The Name Gengulphus

The Cross of St Gengoult, near Méligny le Grand
In the days when Pepin bore the royal sceptre… a renowned youth grew up in those regions;
outstanding in arms, handsome in body, and pleasing in the uprightness of his behaviour.  
His name was Gengulphus.

The Saint’s name is of Germanic origin and consists, as was characteristic for people of the higher classes, of two elements gang (step, or way, or gait) plus wulf (wolf); exactly the same elements, but in reversed order, form the German name Wolfgang.  The name is not unique to the Saint himself.  Other instances of the name in the Merovingian period may refer to members of the same family.

The Saint’s name is spelt in a bewildering number of ways, reflecting the variety of linguistic traditions in which his cultus took root.

In French the name has sometimes been misunderstood (and still occasionally is) as containing Jean plus some other element, giving rise to forms such as St Jean Goul and St Jean Goult.

The spelling Gengoux reflects a mediaeval convention shared by many French words whereby final -ls is represented by -x. (As, for example, beaux for bels.)

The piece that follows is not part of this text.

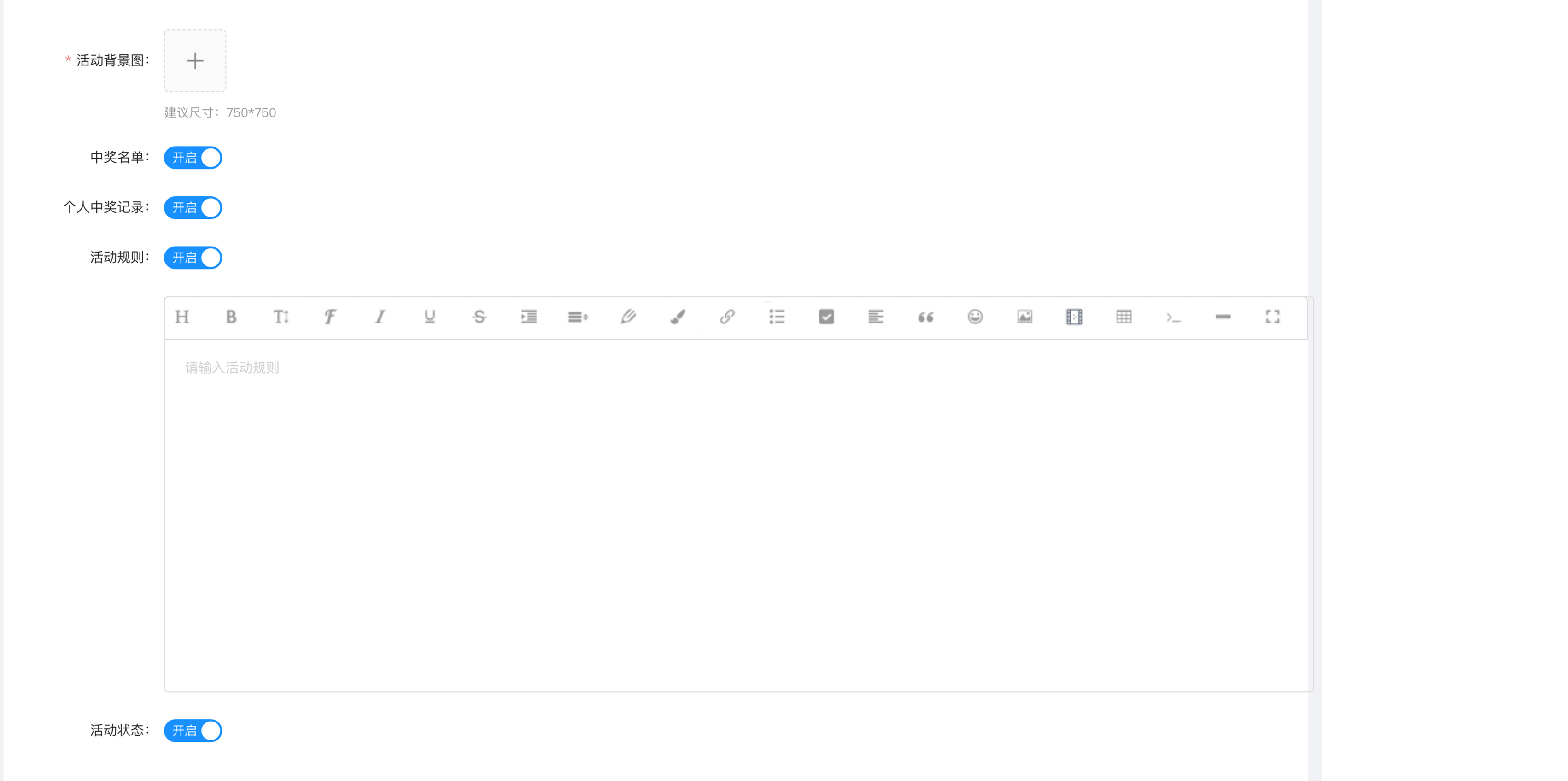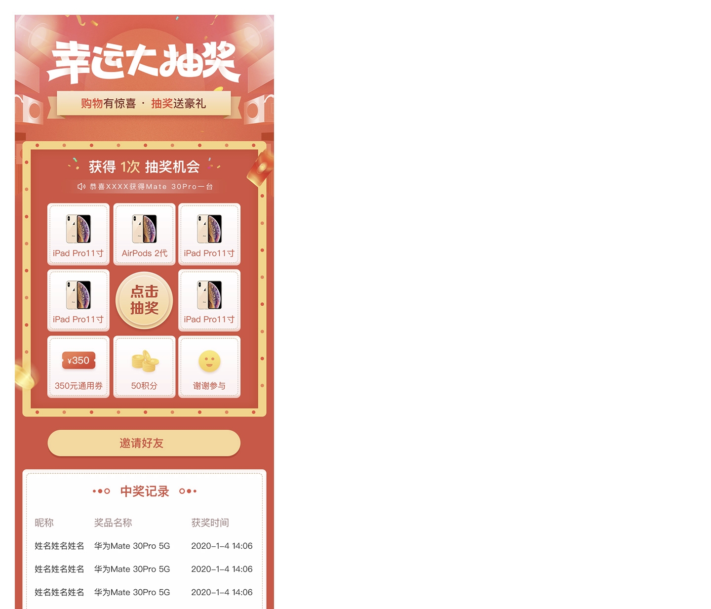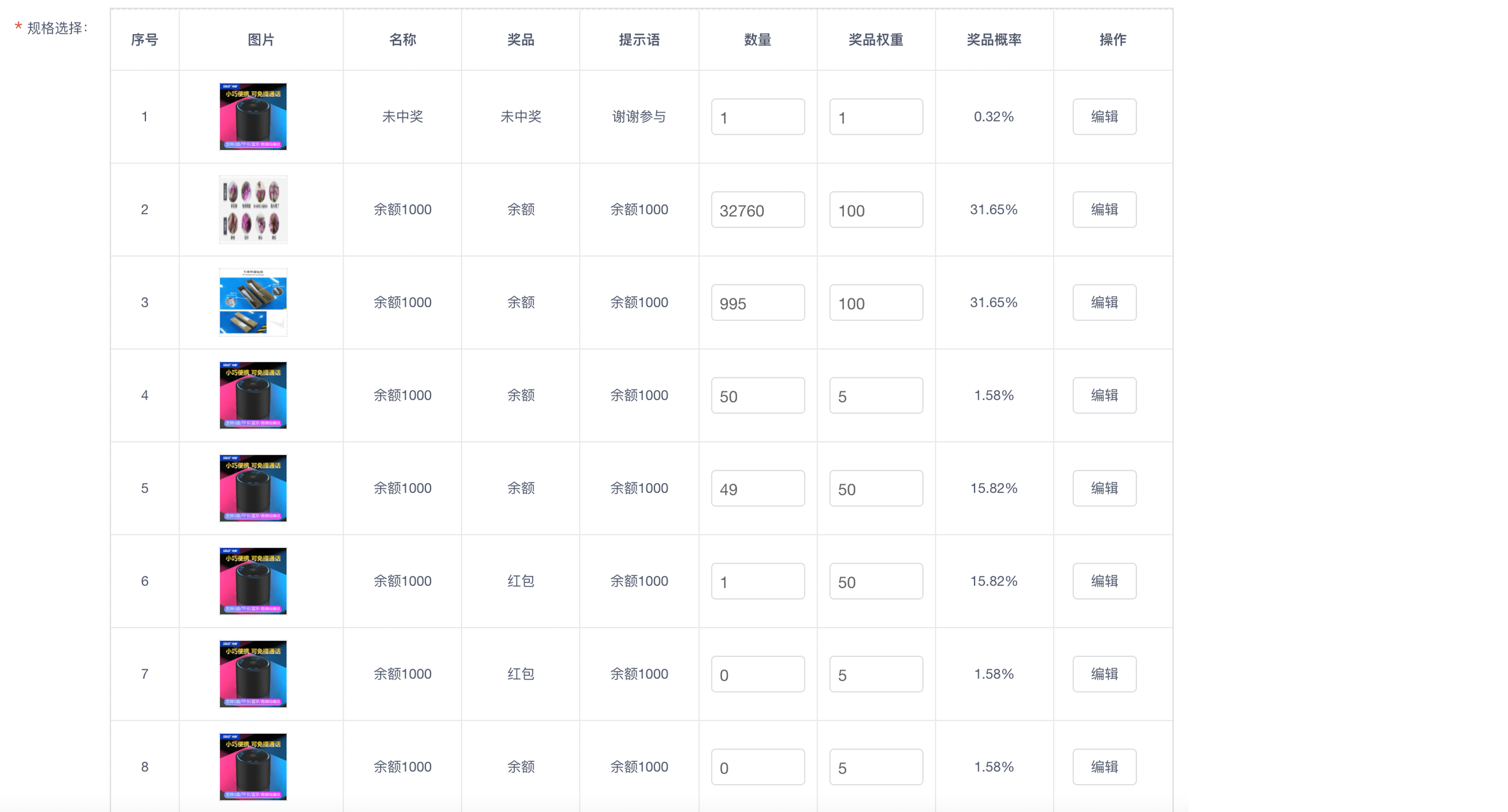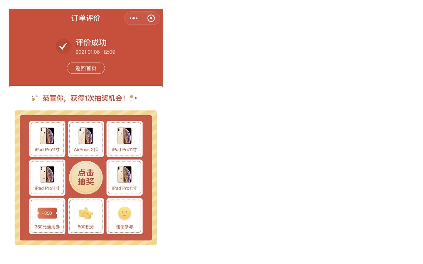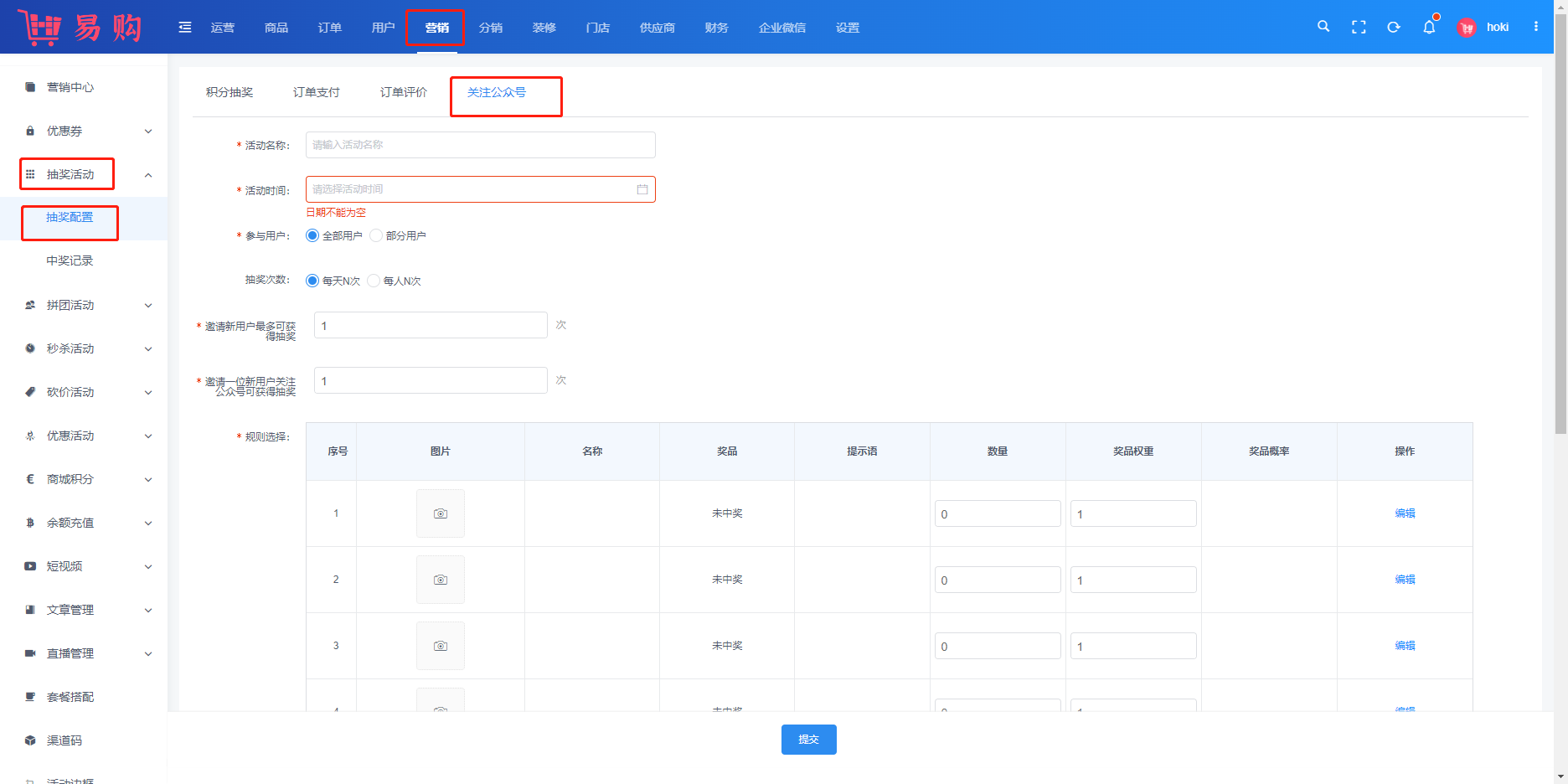 ##抽奖配置 ###一、功能介绍 抽奖活动凭借着以小博大的杠杆效应、低门槛参与、高奖励诱惑的活动机制,无论是线下门店促销,还是线上活动,都被广泛用于拉新、促活、获客等增长环节。 我们采用了九宫格抽奖的方式,后台可设置8个奖品,可自由调节奖品的中奖概率;在关注公众号、商城的多个环节、以及积分消耗等多处,均可设置抽奖活动 ###二、操作流程 营销 > 抽奖活动> 抽奖配置  ###三、功能说明 ####(1)商品评价抽奖(2)下单支付抽奖(3)关注公众号抽奖(4)积分抽奖 1. 商品评价抽奖 ```sjon 用户评价商品后,可参与抽奖 一个订单有多个商品时,每次评价都可抽奖 ```  移动端展示  2. 下单支付抽奖 ```sjon 用户成功下单后,可参与抽奖 仅限购买商城商品,购买积分商城的商品不参与抽奖 ```  移动端展示  3. 关注公众号抽奖 ```sjon 用户关注商城公众号后,可参与抽奖 用户第一次关注公众号才会获得抽奖资格 用户可通过邀请好友关注公众号增加抽奖次数 ```  移动端展示  4. 积分抽奖 用户可通过消耗积分来抽奖,系统自动计算用户的积分可抽奖次数  移动端展示  ###四、创建活动 #####1. 活动信息设置 (1)选择活动时间 (2)选择活动类型 积分抽奖:设置每次抽奖消耗的积分数额 订单支付:设置可抽奖的次数 商品评价:设置用户评价后可抽奖的次数 关注公众号:用户默认有一次抽奖次数,用户可邀请好友关注公众号获得抽奖次数,可设置获得抽奖次数的上限  #####2. 活动奖品设置 (1)默认有“未中奖“的设置 (2)奖品类型: ```sjon 优惠券:选择的优惠券为赠送券 积分:中奖后自动发放到用户的积分账户 商品:选择的商品不能选择规格,需要在商品名称或活动规则中说明 红包:需开通商户自动到零钱功能才可使用 余额:中奖后自动发放到用户余额账户 ```  #####3. 活动模块设置 关注公众号/积分抽奖,可设置活动页面的背景图、中奖名单、个人中奖记录、活动规则等,可在活动规则中展示此次抽奖活动的奖品信息、活动说明等

The author of the anonymous Life of St Ceolfrith, speaking of the man who might have been an ancestor or relation of the Saint, records the name in its most primitive form:  Gangvulfus.

Variations of the name, past and present, include:

ENGLISH: Gengulph   Gengulphus   Gingo   Jingo

FRENCH: Gaingulphe   Gangond   Gandouffe   Gangolph   Gangon  Gangoen   Gangou  Gangouf   Gangouffe   Gangoul   Gangulphe   Gengon   Gengou   Gengoul   Gengoulph   Gengoult   Gengoux  Gengulphe   Gigoult Gigout   Gingeon   Gingolph   Gingoux   Jangon   Jeangon   Jean Goul   Jean Goult – and something completely different in 2020: Jeangu*

GAUMAIS: Djangon

GERMAN: Galgolf   Gandulf   Gangloff   Gangolf   Gangulf   Gegot   Gendulf   Genf   Gengol   Gengolf   Gengoulf   Gent   Gingolf   Golf   Gongolf   Gulf   Kangolf


The form Gangolf d’Avallon, which is used in the article on the Saint in French Wikipedia, is unfortunate and requires some comment.  It is not the Saint’s name as it appears in the primary source (Vita I) where Gangulphus or Gengulphus is used throughout.  Neither does it appear in any other significant secondary source, nor in the Martyrologium Romanum, nor in any reputable work of reference;  neither does Gangolf reflect a version of the name commonly used in France today (see below, and his Cultus in France);  neither is any church or chapel in France dedicated to him under this name – and one can only question the basis upon which this form was chosen.  The totally unwarranted addition of d’Avallon to his name also prejudges the issue of whether the Avalense territorio in which Gengulph took up residence following his separation from his wife should be identified with Avallon in Yonne (the most northern of the four departements presently outlining Burgundy) , or with some more local destination such as Vaux la Douce.  This identification is not regarded as certain by serious and competent scholars.  In brief, the questionable form Gangolf d’Avallon is perverse, prejudicial, unscholarly and misleading.

*This last French name – never noted before by the editor and not earlier recorded as a version referring to the Saint – is the first name of the singer who was to represent the Netherlands in the (cancelled) European Song Contest in 2020. Just added as a curiousity.